**** Task material
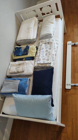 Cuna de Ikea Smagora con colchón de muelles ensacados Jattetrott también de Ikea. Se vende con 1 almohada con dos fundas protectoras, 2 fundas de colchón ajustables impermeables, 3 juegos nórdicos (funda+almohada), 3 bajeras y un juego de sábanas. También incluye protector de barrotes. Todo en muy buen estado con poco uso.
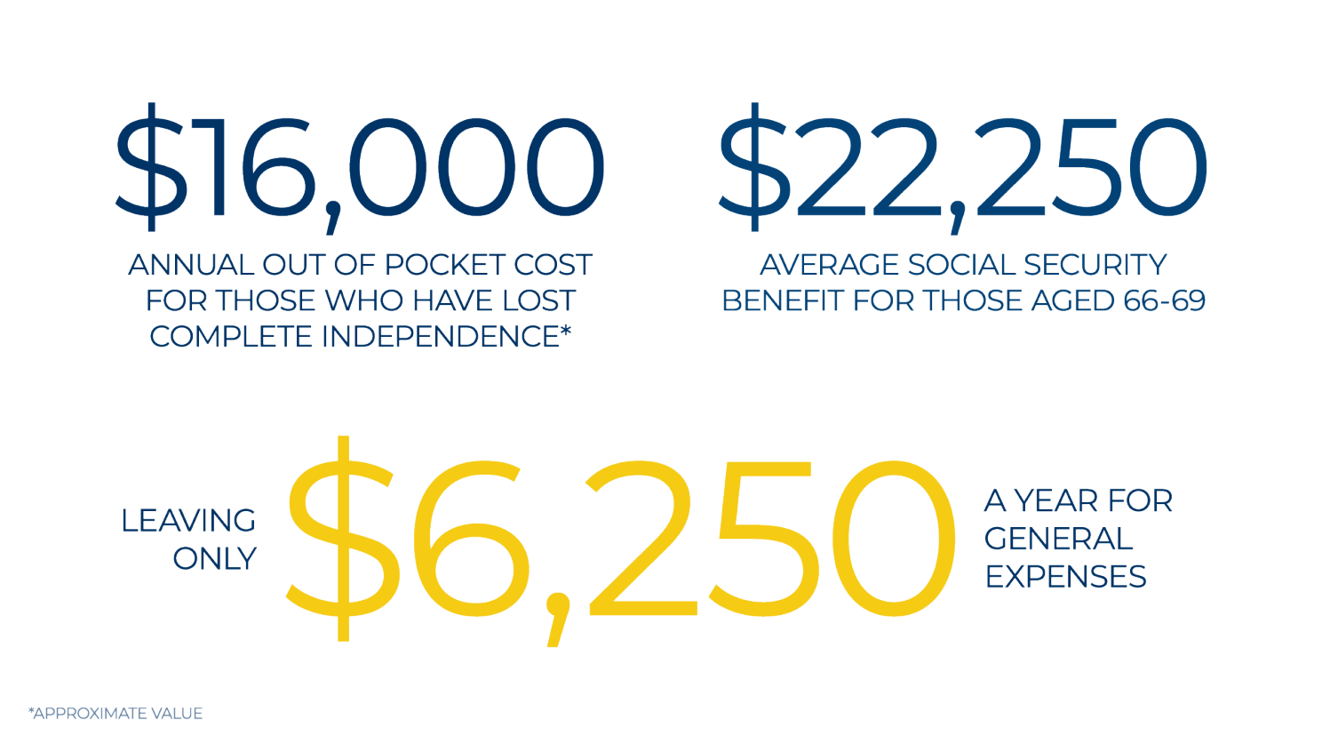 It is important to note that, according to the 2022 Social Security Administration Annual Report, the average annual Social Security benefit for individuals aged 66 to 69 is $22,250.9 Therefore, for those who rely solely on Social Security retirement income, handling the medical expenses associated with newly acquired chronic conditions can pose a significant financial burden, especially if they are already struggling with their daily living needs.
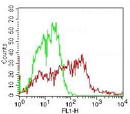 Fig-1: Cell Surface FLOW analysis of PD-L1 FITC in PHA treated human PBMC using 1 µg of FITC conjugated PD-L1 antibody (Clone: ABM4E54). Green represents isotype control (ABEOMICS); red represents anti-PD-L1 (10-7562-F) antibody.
********
**** Task material
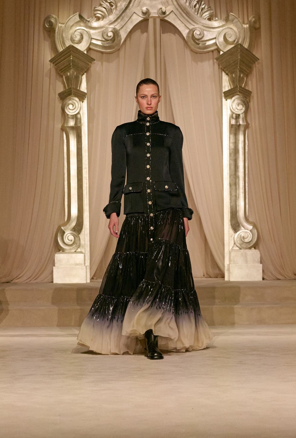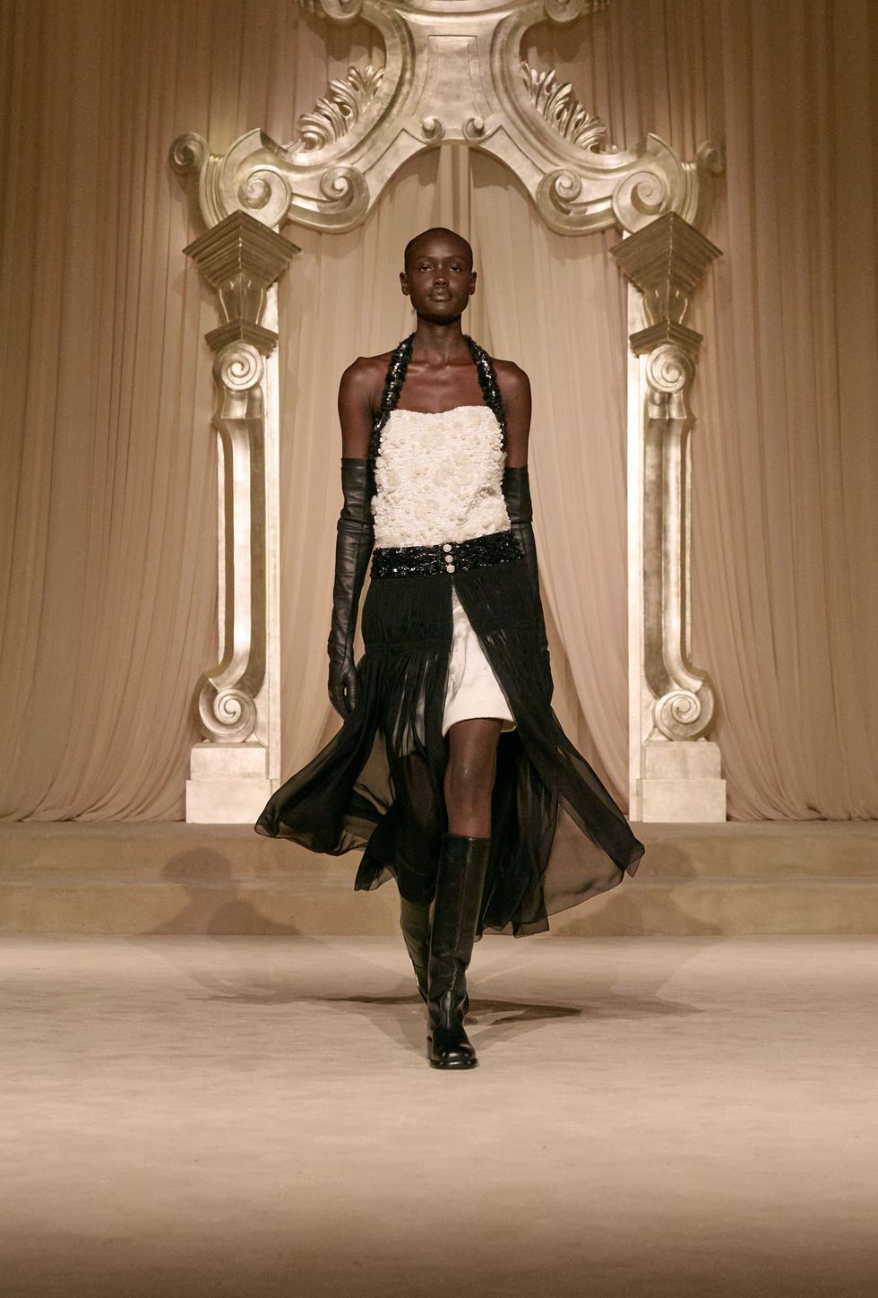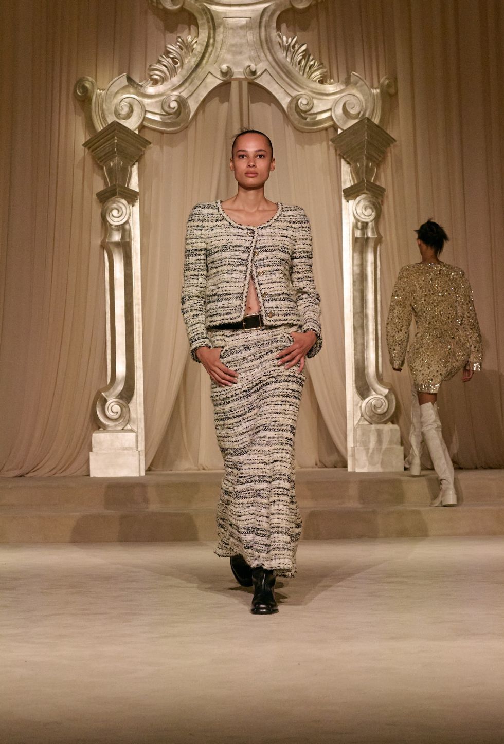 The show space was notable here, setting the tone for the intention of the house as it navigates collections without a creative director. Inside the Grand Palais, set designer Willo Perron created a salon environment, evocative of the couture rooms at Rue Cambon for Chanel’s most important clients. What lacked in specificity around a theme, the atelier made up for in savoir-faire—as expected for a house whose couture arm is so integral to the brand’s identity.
********
### What you need to do
The answer should consist only of the lines above from the one with "Cuna de Ikea" through the one with "It is important", repeated exactly, with no pictures among them.

### Answer to the exercise
 Cuna de Ikea Smagora con colchón de muelles ensacados Jattetrott también de Ikea. Se vende con 1 almohada con dos fundas protectoras, 2 fundas de colchón ajustables impermeables, 3 juegos nórdicos (funda+almohada), 3 bajeras y un juego de sábanas. También incluye protector de barrotes. Todo en muy buen estado con poco uso.
 It is important to note that, according to the 2022 Social Security Administration Annual Report, the average annual Social Security benefit for individuals aged 66 to 69 is $22,250.9 Therefore, for those who rely solely on Social Security retirement income, handling the medical expenses associated with newly acquired chronic conditions can pose a significant financial burden, especially if they are already struggling with their daily living needs.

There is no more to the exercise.